In baptism, our God called us by name and promised us that we will always be a child of God. Always.  No matter what we do.  God united that promise to the water so that the two would become one.  God chose to use water, something that we touch every day.  God chose something so basic so that every time we wash our hands or jump in the pool or wash the dishes we could feel that reminder of God’s gracious calling of us.  When we cannot trust that we are God’s treasured child because of all the things we’ve done wrong, God invites us to trust the water.  When we cannot trust that God calls us beloved because of how others have rejected us, we can reach out to trust the water.  When we cannot believe that God has a hold on us when things are terrible, we can trace that cross on our foreheads and trust the water.  

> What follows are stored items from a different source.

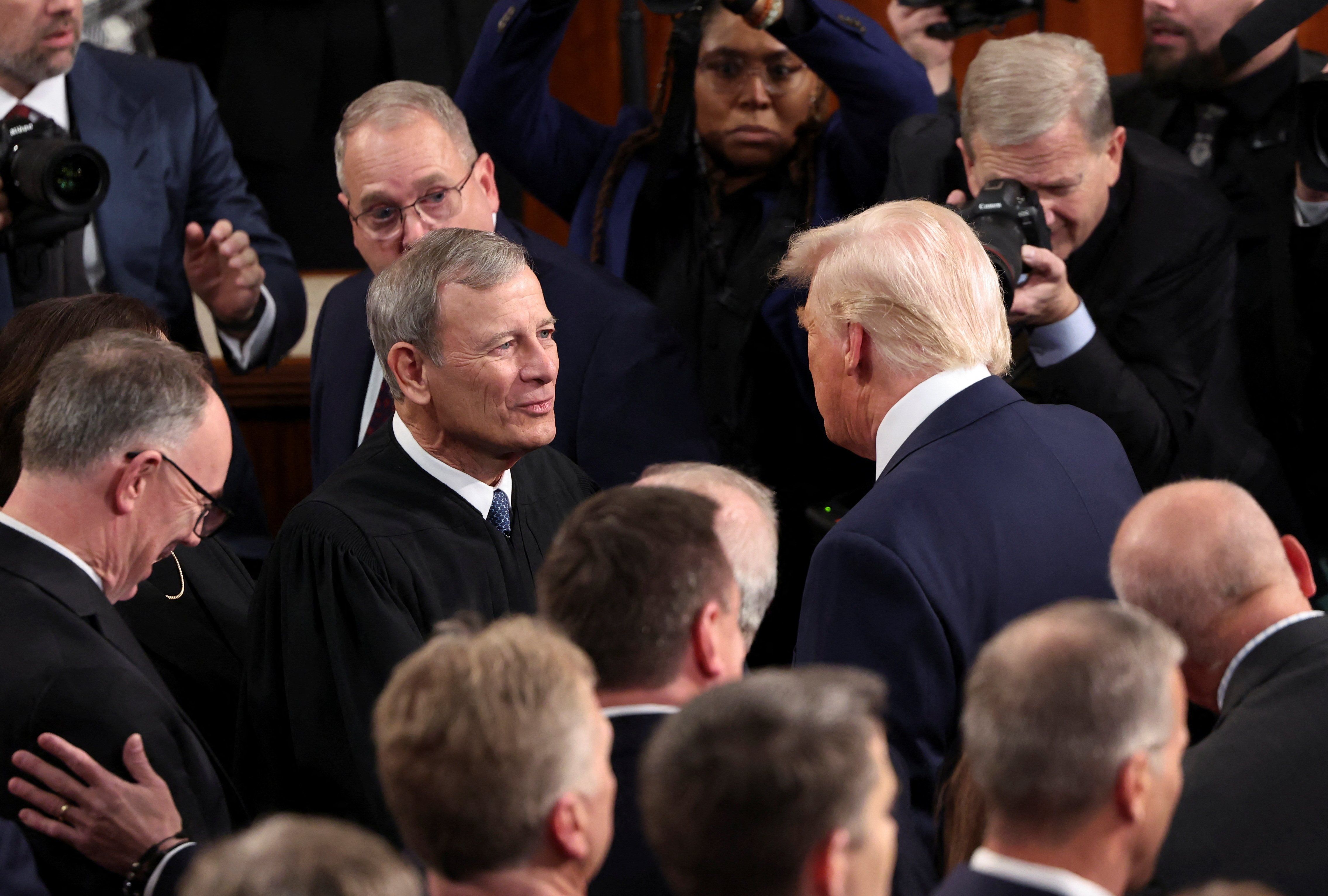 Trump shakes hands with Chief Justice John Roberts (Photo: REUTERS/Kevin Lamarque)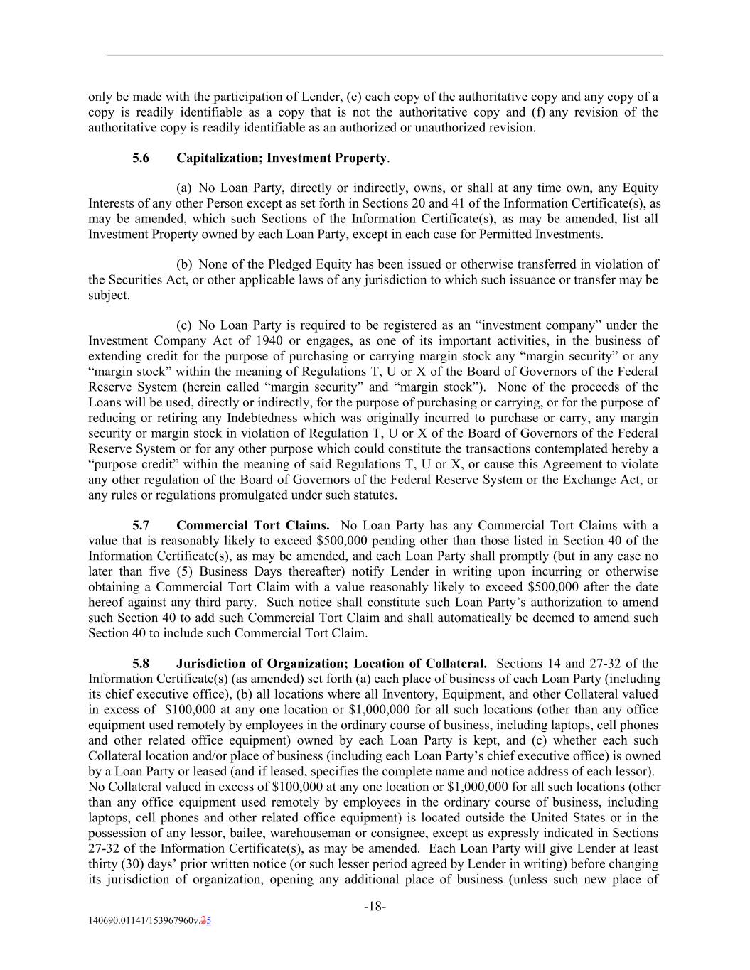 only be made with the participation of Lender, (e) each copy of the authoritative copy and any copy of a copy is readily identifiable as a copy that is not the authoritative copy and (f) any revision of the authoritative copy is readily identifiable as an authorized or unauthorized revision. 5.6 Capitalization; Investment Property. (a) No Loan Party, directly or indirectly, owns, or shall at any time own, any Equity Interests of any other Person except as set forth in Sections 20 and 41 of the Information Certificate(s), as may be amended, which such Sections of the Information Certificate(s), as may be amended, list all Investment Property owned by each Loan Party, except in each case for Permitted Investments. (b) None of the Pledged Equity has been issued or otherwise transferred in violation of the Securities Act, or other applicable laws of any jurisdiction to which such issuance or transfer may be subject. (c) No Loan Party is required to be registered as an “investment company” under the Investment Company Act of 1940 or engages, as one of its important activities, in the business of extending credit for the purpose of purchasing or carrying margin stock any “margin security” or any “margin stock” within the meaning of Regulations T, U or X of the Board of Governors of the Federal Reserve System (herein called “margin security” and “margin stock”). None of the proceeds of the Loans will be used, directly or indirectly, for the purpose of purchasing or carrying, or for the purpose of reducing or retiring any Indebtedness which was originally incurred to purchase or carry, any margin security or margin stock in violation of Regulation T, U or X of the Board of Governors of the Federal Reserve System or for any other purpose which could constitute the transactions contemplated hereby a “purpose credit” within the meaning of said Regulations T, U or X, or cause this Agreement to violate any other regulation of the Board of Governors of the Federal Reserve System or the Exchange Act, or any rules or regulations promulgated under such statutes. 5.7 Commercial Tort Claims. No Loan Party has any Commercial Tort Claims with a value that is reasonably likely to exceed $500,000 pending other than those listed in Section 40 of the Information Certificate(s), as may be amended, and each Loan Party shall promptly (but in any case no later than five (5) Business Days thereafter) notify Lender in writing upon incurring or otherwise obtaining a Commercial Tort Claim with a value reasonably likely to exceed $500,000 after the date hereof against any third party. Such notice shall constitute such Loan Party’s authorization to amend such Section 40 to add such Commercial Tort Claim and shall automatically be deemed to amend such Section 40 to include such Commercial Tort Claim. 5.8 Jurisdiction of Organization; Location of Collateral. Sections 14 and 27-32 of the Information Certificate(s) (as amended) set forth (a) each place of business of each Loan Party (including its chief executive office), (b) all locations where all Inventory, Equipment, and other Collateral valued in excess of $100,000 at any one location or $1,000,000 for all such locations (other than any office equipment used remotely by employees in the ordinary course of business, including laptops, cell phones and other related office equipment) owned by each Loan Party is kept, and (c) whether each such Collateral location and/or place of business (including each Loan Party’s chief executive office) is owned by a Loan Party or leased (and if leased, specifies the complete name and notice address of each lessor). No Collateral valued in excess of $100,000 at any one location or $1,000,000 for all such locations (other than any office equipment used remotely by employees in the ordinary course of business, including laptops, cell phones and other related office equipment) is located outside the United States or in the possession of any lessor, bailee, warehouseman or consignee, except as expressly indicated in Sections 27-32 of the Information Certificate(s), as may be amended. Each Loan Party will give Lender at least thirty (30) days’ prior written notice (or such lesser period agreed by Lender in writing) before changing its jurisdiction of organization, opening any additional place of business (unless such new place of -18- 140690.01141/153967960v.25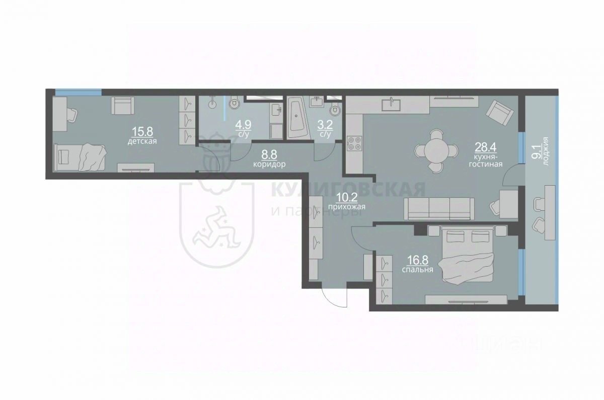 Продается двухкомнатная квартира с предчистовой отделкой в ЖК ''Гоголя 21'' на 9 этаже. Общая площадь: 110.15 кв.м., жилая: 33.6 кв.м., площадь просторной кухни-столовой: 40.2 кв.м. Квартира угловая, очень светлая, естественная вентиляция при открытии окон. В квартире два совмещенных санузла. Высота потолков 2.98 м. Дом монолитный, двухподъездный, переменной этажности, от 21 до 25 этажей. Квартира находится в 1-й секции высотой 25 этажей в корпусе 1. На этаже 5 квартир. В подъезде 2 пассажирских и 1 грузовой лифт. Начало строительства - 3 квартал 2025 года. Окончание строительства - 3 квартал 2028 года. Оформление сделки по договору долевого участия. Квартира с кухней-гостиной и двумя спальнями в проекте Гоголя 21. Особенности планировки: свободная планировка. квартиры в нашей базе: ЗНГ01-Ж1.9.3. Гоголя 21 станет точкой, привлекающей прогрессивных, состоятельных, предприимчивых, модных, но не пафосных людей. Людей дела. Две башни — олицетворение энергии, того самого, изначального пульса Екатеринбурга, возникшего вместе с ударами молотов первых железоделательных заводов. ''Гоголя 21'' деликатно, но уверенно встраивается в жизнь главной набережной Екатеринбурга. Ведёт уважительный диалог с архитектурными доминантами по соседству. Формирует новый образ городского центра. Две башни — 21 и 25 этажей — объединены четырехэтажной галереей. 169 квартир со свободными планировками, средней площадью в 128 м² и высотой потолков до 3,3 метра напоминают, что на Урале живут люди, привыкшие к простору. Ландшафтные решения в доме на Гоголя, 21 придумали не мы, а Екатеринбург. Главный здесь — гранит. Серый, фактурный, незыблемый, как сам Урал. Он часто встречается на центральных улицах, а в нашем доме используется как материал для мощения и декорирования фонтанов. Все многолетники на клумбах, от гортензии до спиреи, цветут белым: лаконичная палитра привносит в ландшафт уральскую сдержанность и элегантность. На уровне четвёртого этажа устроим главное открытое пространство для отдыха на свежем воздухе — только для жителей ''Гоголя 21''. В центре террасы — большая зона с летней кухней: гриль, барная стойка, общий стол и уютная лаунж-зона, где можно собраться компанией. В событийной зоне поставим беседку и большой стол с азиатским грилем — место для ужинов и летних вечеринок. Пространство примыкает к залу для праздников, поэтому летом здесь можно устраивать большие соседские встречи. Рядом с игровой комнатой появится пространство для детей — в хорошую погоду их можно объединить. Пока дети лепят песочные куличики или придумывают сюжеты в игровом домике, родители смогут приглядывать за ними, раскачиваясь в подвесных креслах с книгой или ноутбуком. А для спокойного отдыха взрослых и разговоров наедине организуем тихую зону у зенитного фонаря. На террасе — спокойная зелень, бело-розовое цветение, медные акценты в сочетании с серым камнем и террасной доской. По периметру — стеклянные ограждения и живая изгородь, которые делают пространство безопасным и
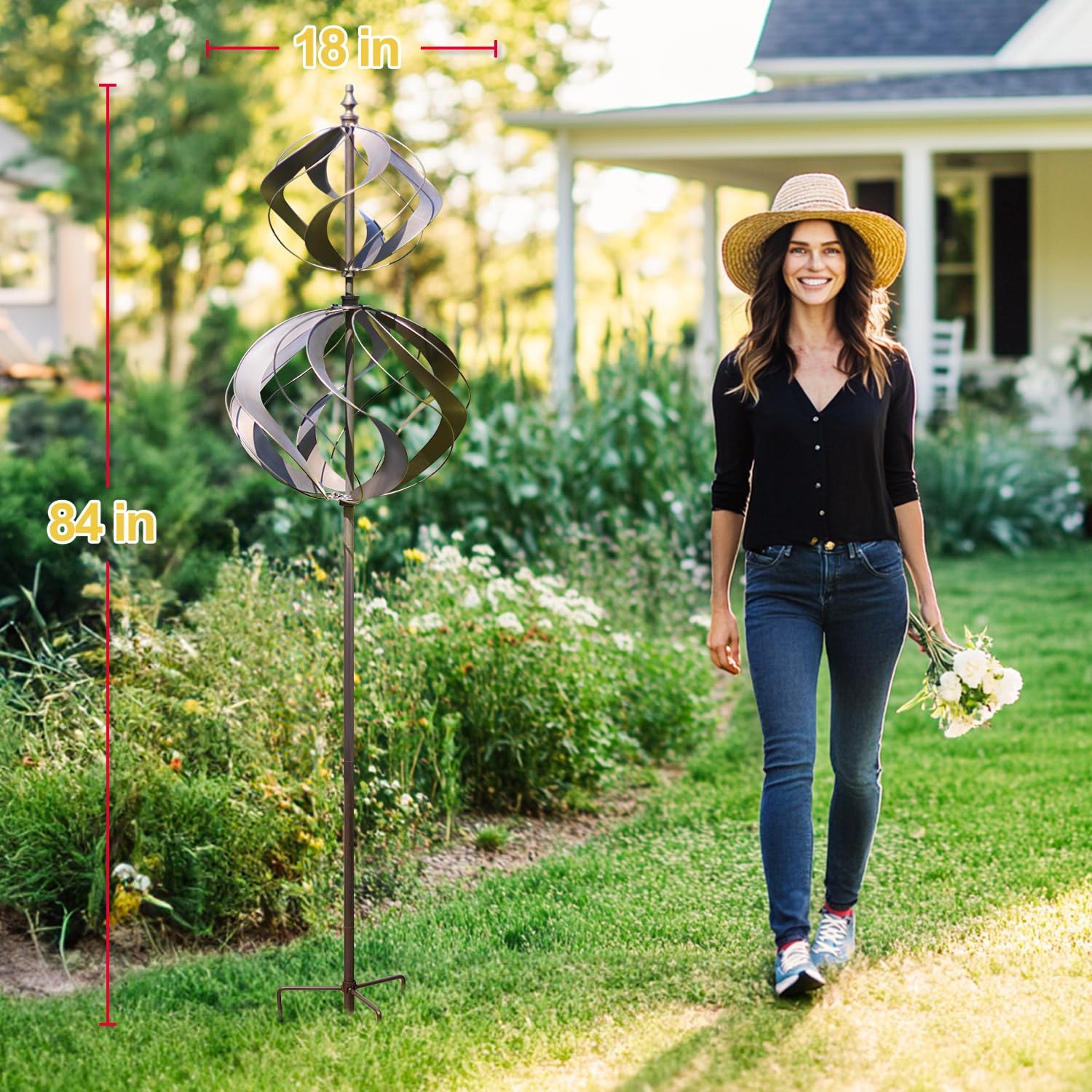 - 【Easy to Assemble】Our yard garden wind spinner no plugs or cords are needed, it is easy to assemble with the instruction. Can display at your front door or backyard garden, extra large size: 24″ W x 24″ D x 84″ H, easy to draw other's attentions.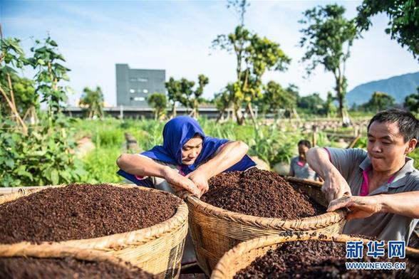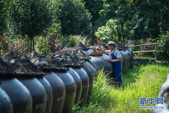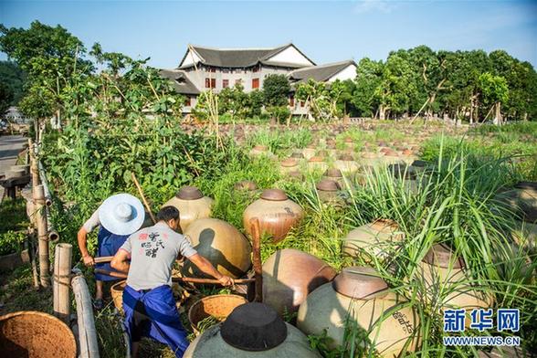 “赤水晒醋”采用固体发酵繁殖产生天然醋酸菌,醋醅和成品醋都在日光下曝晒而成,故称晒醋?!俺嗨勾住敝谱骼酚凭茫ば蚩季?,2009年被列入贵州省级非遗名录。新华社记者 陶亮 摄
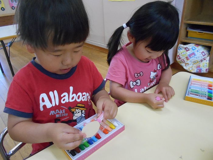 染め紙ができたあとは、自分のお顔を描きました!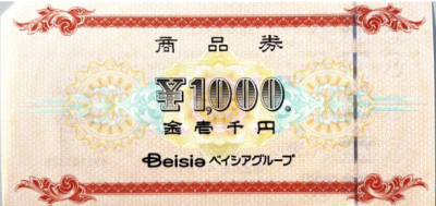 正式名称:ベイシア商品券,使用場所:ベイシアグループ各店舗 額 面:500円/1,000円 有効期限:なし おつり:出ます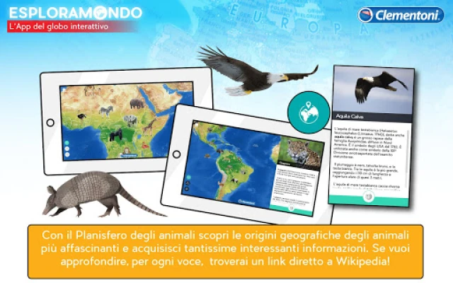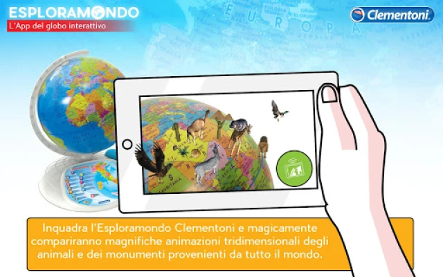 Η εφαρμογή Esploramondo εμπλουτίζει την εμπειρία του Esploramondo Clementoni για ενήλικες και παιδιά 7+. Εξερευνήστε τον κόσμο με 3 τρόπους: επαυξημένη πραγματικότητα για 3D ζώα και μνημεία, πλανισφαίριο με πληροφορίες και σύνδεσμους Wikipedia, και διασκεδαστικά κουίζ για να γίνετε κορυφαίος ταξιδιώτης. Μάθετε και διασκεδάστε ανακαλύπτοντας τον πλανήτη!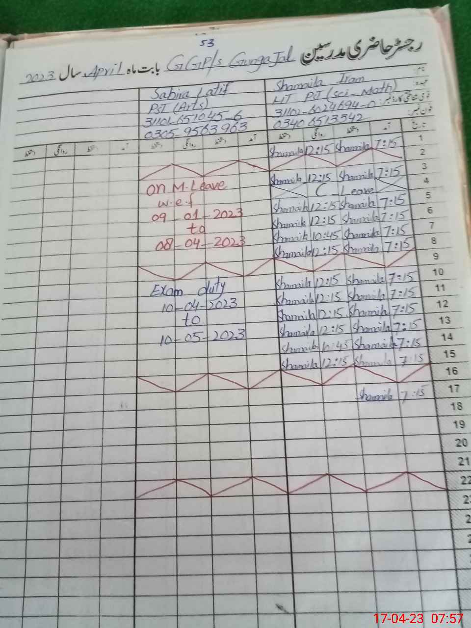 | 31**** | Sa**** La**** | ESE | Contract | 0 | 0 | 0 | 0 | 0 | 0 | 0 | 0 | 0 | Exam Duty |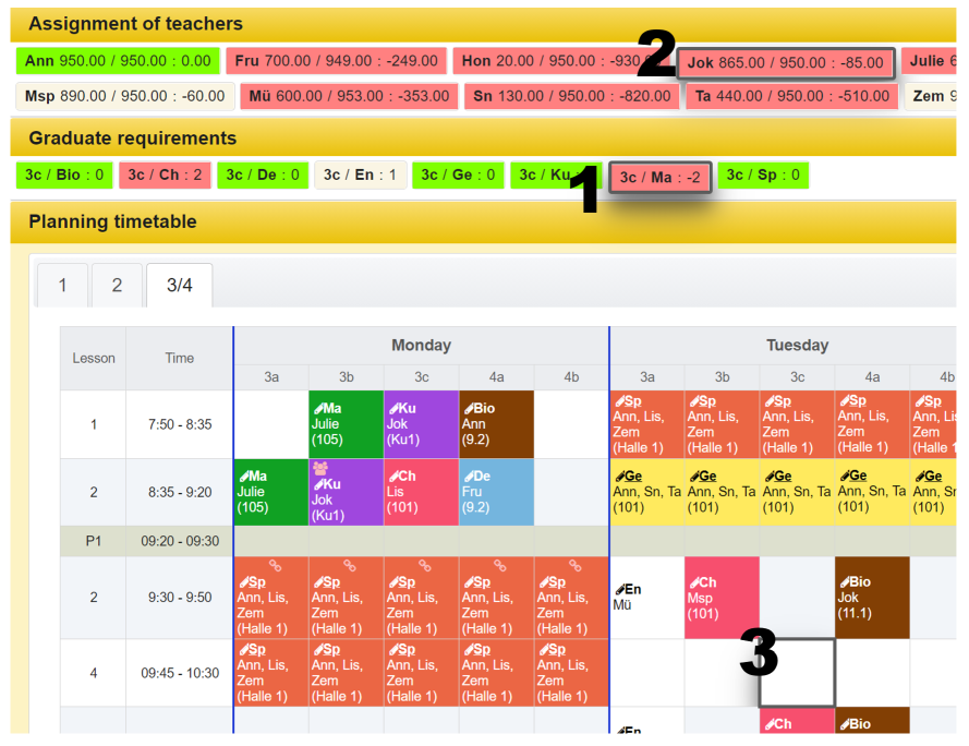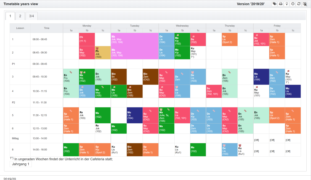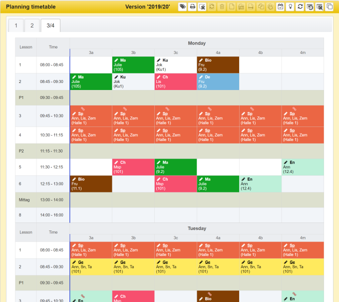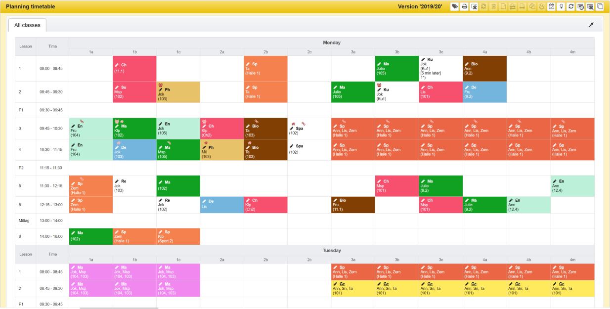 Stundenpläne für Lehrer, Räume oder Klassen. Die Planung kann allerdings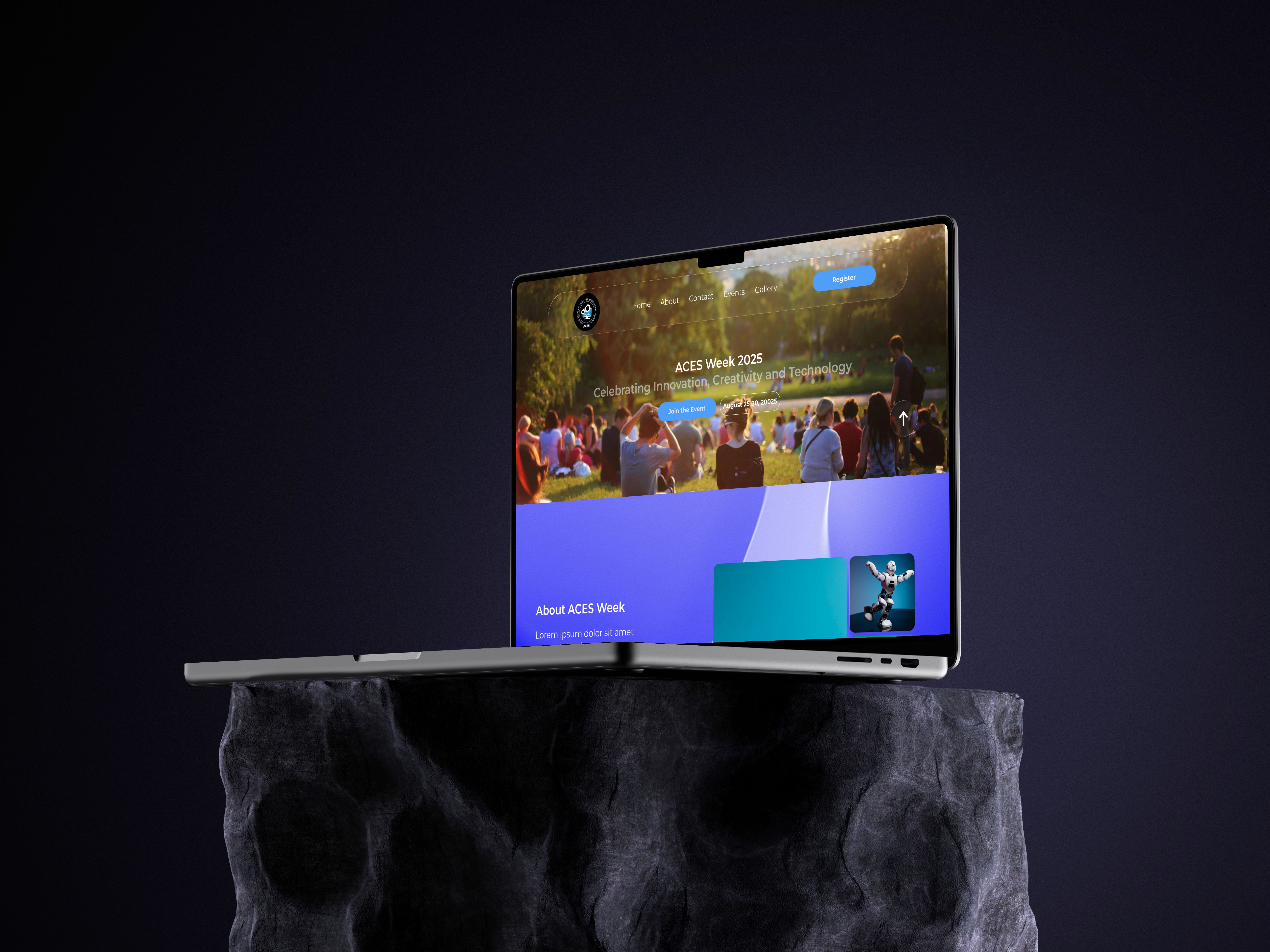 Designed a modern and engaging interface that aligned with ACES branding, using clear typography, bold visuals, and a vibrant theme suitable for the event.

And God chose to be connected to the most wonderful of ordinary things- breaking bread and sharing wine and a meal with our brothers and sisters in Christ.  But for all those under 21-folk or those who choose not to drink, Christ can be remembered when we share any other festive drink together- whether it’s sparkling apple juice at the kids’ table at Thanksgiving or Cheerwine with friends from camp.) Christ bound the promise of his presence to a joyful, holy, celebration meal.  To the great goodness of bread and drink.  


So when we are lonely, so lonely that it feels that like no one can fill that emptiness in us, Jesus invites us to hold this bread and know we are in the presence of one that dearly loves us.  And when we are broken and destroyed with guilt, we can feel that grape juice on our throats and trust God’s forgiveness even when we cannot forgive ourselves.  And when life is overwhelming and it seems like too much, we can touch that bread and know that we are invited into a meal and a community and a love that has no end. When we cannot trust the promises alone, we can hold that bread and that cup and feel God’s promises to us.  And as we go about our days, we can touch all bread and drink as a reminder of the joyful meal we share here.  


In this life we will have moments of weakness, we will have times that our faith is slippery and there are far more questions than answers.  But in those moments especially, God comes to us to answer us.  To give us something to hold onto.  It may not be what we would choose to trust in, but it is holy and good.  And it is something that we can cling to to help us trust God’s promises.  So, people of God, I invite you to dare to trust the water.  Trust the bread and drink.  Trust the community that gathers around it.  And dare again to trust the One who is always faithful.